EDIT: es en cualquier sistema de 64 bits

fuente: https://forums.gentoo.org/viewtopic-t-494955-highlight-prelink+kde.html

----------

## Ark del KAOS

¿Ese cambio en el prelink merecería la pena para x86?

----------

## pacho2

Quizás te interese:

https://forums.gentoo.org/viewtopic.php?t=197983

Saludos

----------

## diegoto

Pacho2 si lo estuve viendo pero mucho no me sirvió.

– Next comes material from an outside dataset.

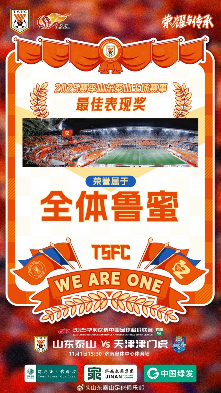 在本赛季主场收官战前,山东泰山俱乐部官方发布海报,将本赛季山东泰山主场赛事最好解析奖给以整体鲁蜜。
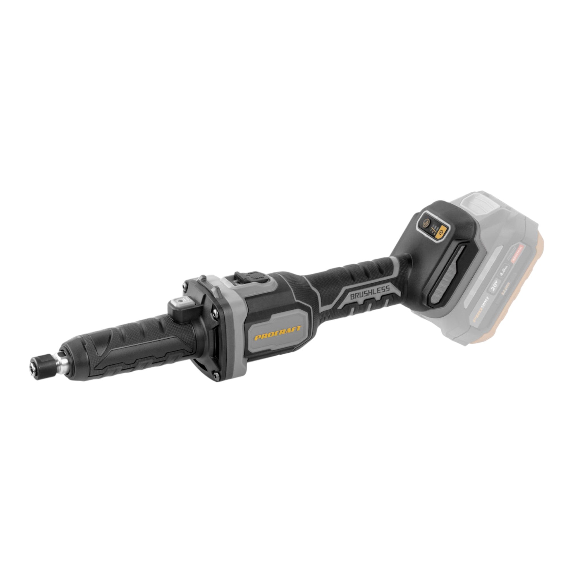 Procraft Industrial DG20A-BB Akku Geradschleifer 20 V 6 mm Brushless + 2x Akku 4,0 Ah + Ladegerät

Pregunto para ver si alguien realmente acelero gentoo, porque la verdad deja mucho que desear. Yo vengo de Slackware y pareciera que era mas rapido y encima estaba compilado para 32bits.

Saludos

----------

## pacho2

¿en qué notas que es más lento?

Si te refieres a la velocidad de arranque, ya te digo que la forma de arrancar de slackware es más rápida que la de gentoo..., pero no sólo de la velocidad de arranque vive el hombre xD

Saludos  :Wink: 

----------

## diegoto

Como dices la velocidad de arranque es superior la de slackware. Despues es lo mismo. pero igual siento esa necesidad de que arranque rapido !!

----------

## flaab_0n

A mi me salen muchos procesos de inicio rotos. ¿Esto que significa? Que vale la pena eliminarlos?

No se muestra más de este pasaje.